Similar meshes found use in earlier designs such as the one for temperature and pressure monitoring on hydrogen and oxygen fuel tanks on the now-cancelled X-33 spacecraft prototype. Those projects required customized design and assembly, including hundreds of fiber-Bragg-grating devices connected by fiber-optic cabling, each handling a slightly different wavelength. By contrast, a smart skin could be readily manufacturable and might actually come on a roll - like contact paper. It could be applied to the UAV by rolling it out, laying it on the wings, and connecting it to multiple transceivers arrays.

Although the final design of such smart skins is by no means complete, it is clear that post-telecom-bubble optical components - PLCs, amplifiers, tunable lasers, etc. - will provide the underlying technology that makes it all possible. In essence, the components will comprise a low-cost, compact interface between sensors, the optical network, and the electronic signal processors controlling the flight.

Work yet to be done

Two other related steps are necessary before the new photonics can realize its potential in military platforms.

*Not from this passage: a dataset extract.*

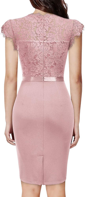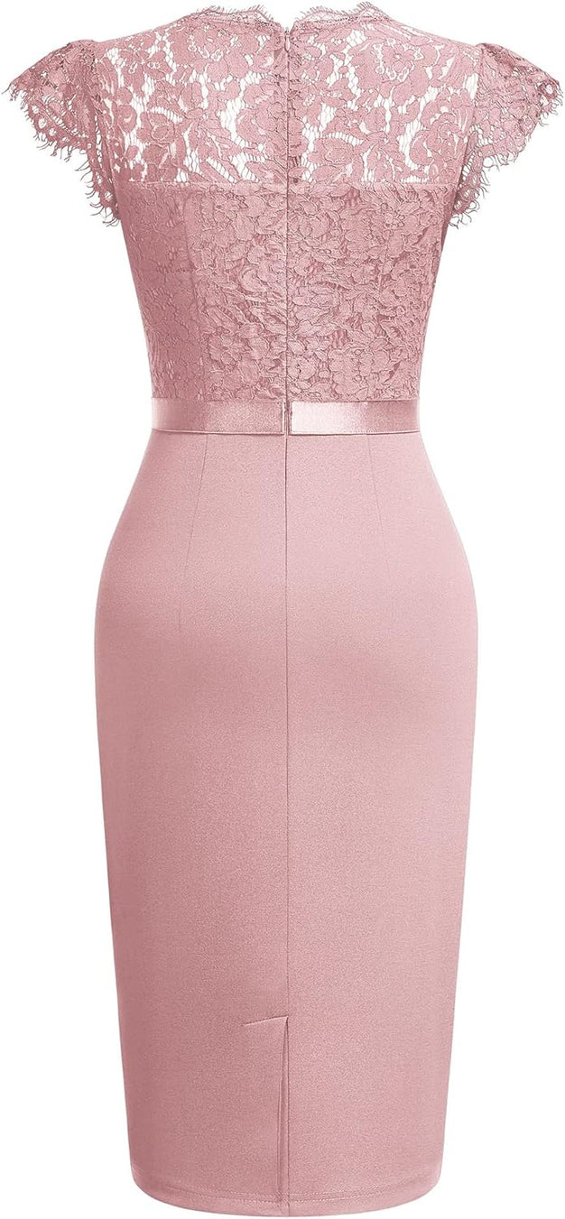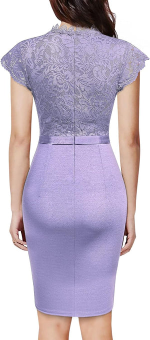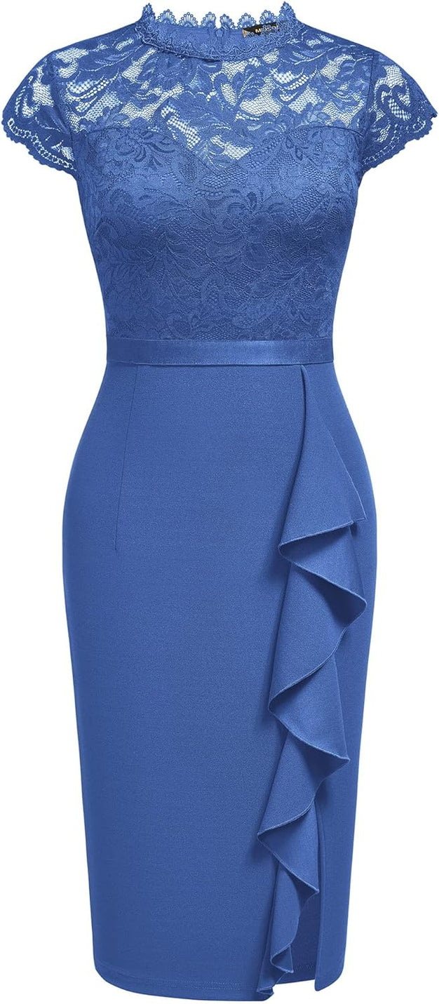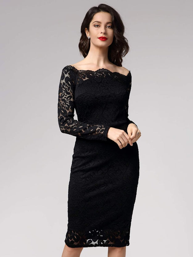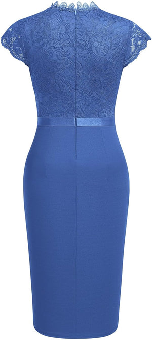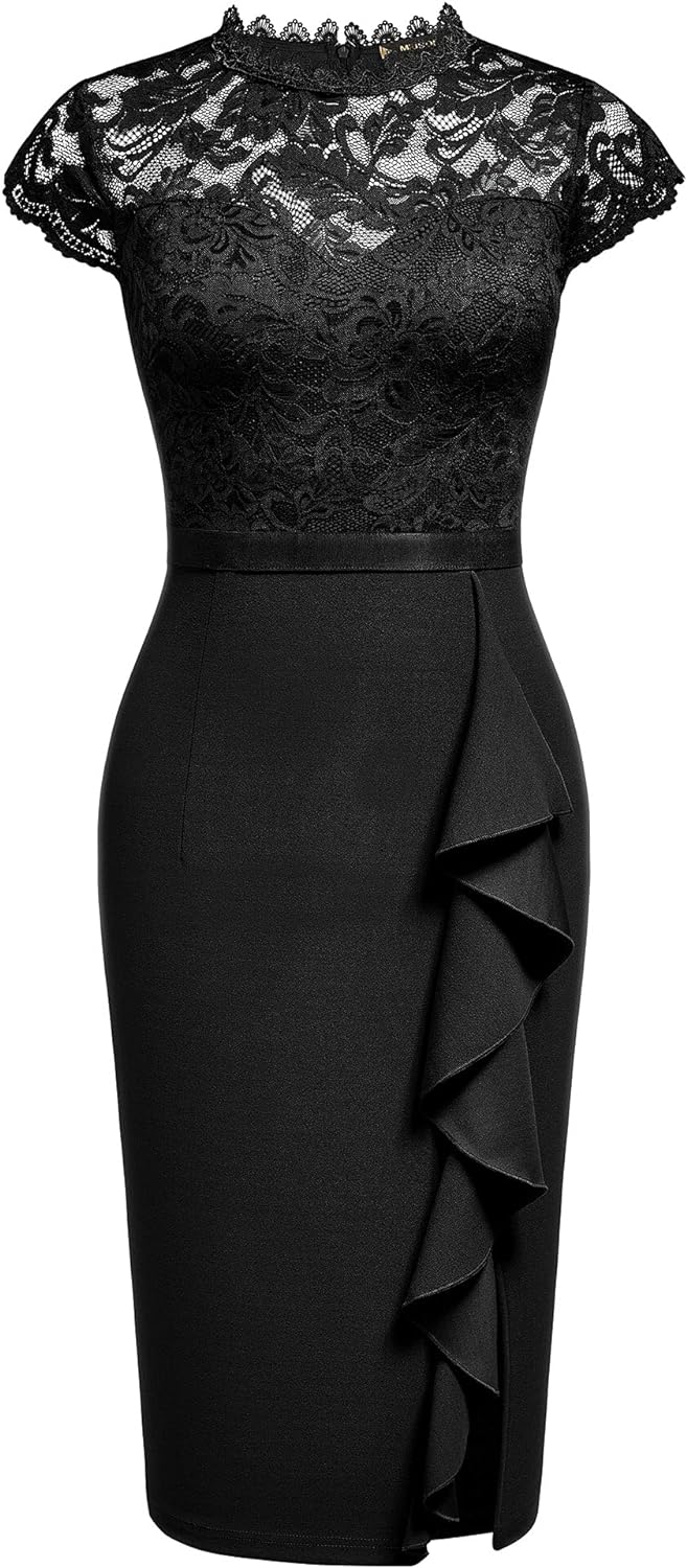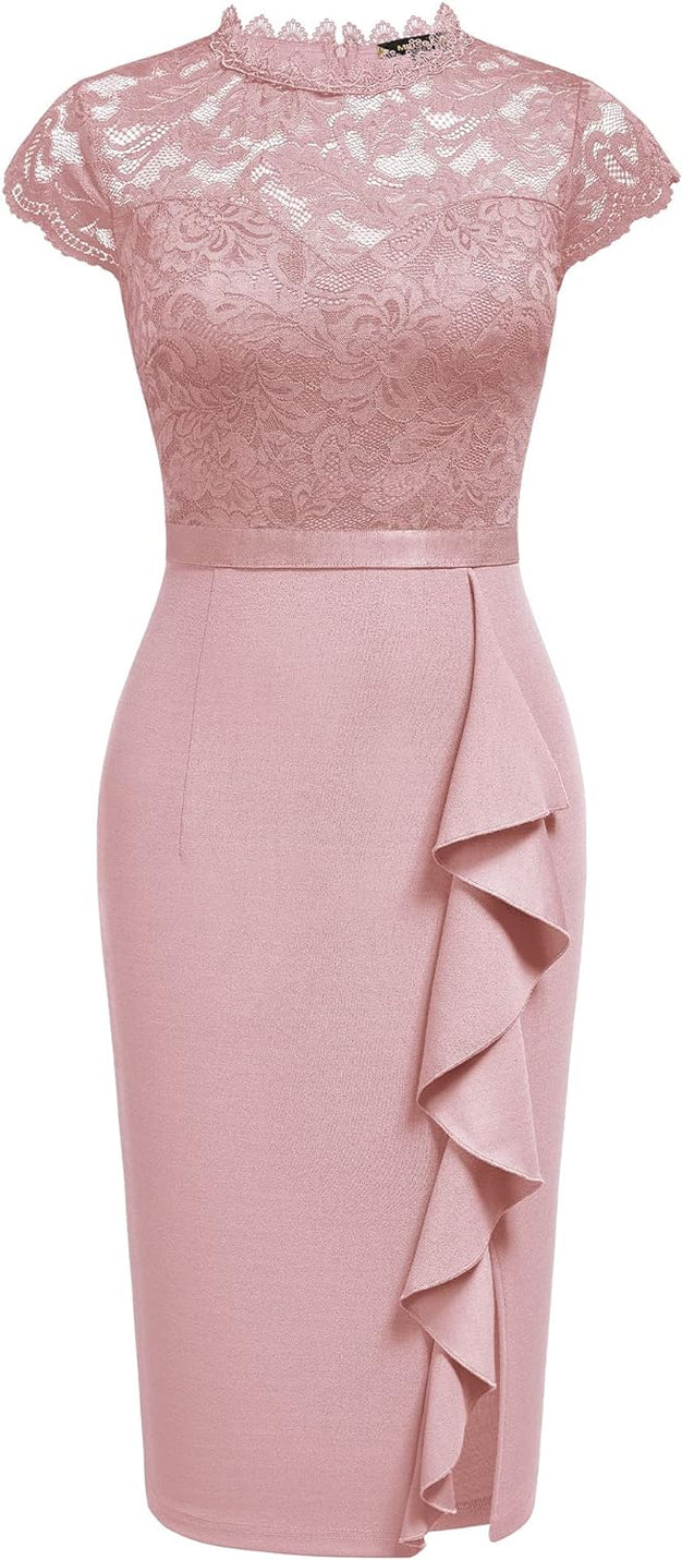 Miusol Womens Vintage Off Shoulder Flare Lace Slim Cocktail Pencil Dress

The first is the need to ruggedize virtually all commercial system elements for use under military conditions. For example, in-flight temperature variations will range far wider than the standard telecommunications range of -40 to 85 degrees Celsius. We will need to alter the optical component circuitry and make modifications necessary for it to operate efficiently such as turning off thermal shutdowns. And we will need to protect components further by putting them in environmentally protected device enclosures.

Second, we need to make these technologies easier for service personnel to live with in the field. Aircraft maintenance crews, for example, are used to handling copper cables. Copper is forgiving, but current commercial optical fiber is not. However, bend-resistant fiber does exist that could help make a fiber-optic cable rugged enough for many military applications.

Similarly, service personnel often clean dirty copper cable with spit-and-rag techniques, but are surprised when the same technique does not work for fiber. Designers are looking at different kinds of connecters that are not so sensitive. Core technology, no matter how powerful, almost always has to come down to earth to be truly useful.

In-the-field diagnostics also needs work. If something breaks, service personnel need to be able to figure out what is wrong and how to fix it. Designers are looking at, among other approaches, embedded loop-back and embedded optical time domain reflectometry (OTDR)-type capabilities.

All these field problems require solutions before we can realize the potential of the core technology, yet the fact that many of us have begun to concentrate on them can also be taken as a good sign. The broad use of photonics in military applications is emerging and will continue to expand in the near term as the performance weight, volume, fault tolerance, and scalability benefits of optical communications and sensors become known and the issues regarding their reliable operation in severe military environments are addressed.

Rick Stevens is Chairman of the Lockheed Martin Corporate Photonics Technology Focus Group. Joseph Shmulovich, is cofounder and executive vice president of engineering at Inplane Photonics in South Plainfield, N.J.